> [Problem to solve] Take each line in the entries below that holds "Hong" and show it.

> [Available records]
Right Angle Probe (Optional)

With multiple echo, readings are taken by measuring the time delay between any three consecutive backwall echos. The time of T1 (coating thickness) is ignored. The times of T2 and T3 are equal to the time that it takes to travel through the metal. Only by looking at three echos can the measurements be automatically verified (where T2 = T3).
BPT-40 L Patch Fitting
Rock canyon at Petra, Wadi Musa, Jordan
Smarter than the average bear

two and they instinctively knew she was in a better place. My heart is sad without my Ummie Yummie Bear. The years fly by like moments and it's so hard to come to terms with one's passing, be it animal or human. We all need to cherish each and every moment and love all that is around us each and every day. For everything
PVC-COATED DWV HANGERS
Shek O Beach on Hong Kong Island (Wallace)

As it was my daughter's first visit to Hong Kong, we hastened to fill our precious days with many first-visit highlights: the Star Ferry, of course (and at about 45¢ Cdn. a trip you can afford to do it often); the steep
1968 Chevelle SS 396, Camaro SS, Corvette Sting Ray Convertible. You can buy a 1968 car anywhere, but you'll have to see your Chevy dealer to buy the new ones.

==

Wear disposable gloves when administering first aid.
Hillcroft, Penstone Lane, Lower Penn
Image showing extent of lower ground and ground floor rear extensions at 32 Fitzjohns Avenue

> [Task answer]
Shek O Beach on Hong Kong Island (Wallace)
As it was my daughter's first visit to Hong Kong, we hastened to fill our precious days with many first-visit highlights: the Star Ferry, of course (and at about 45¢ Cdn. a trip you can afford to do it often); the steep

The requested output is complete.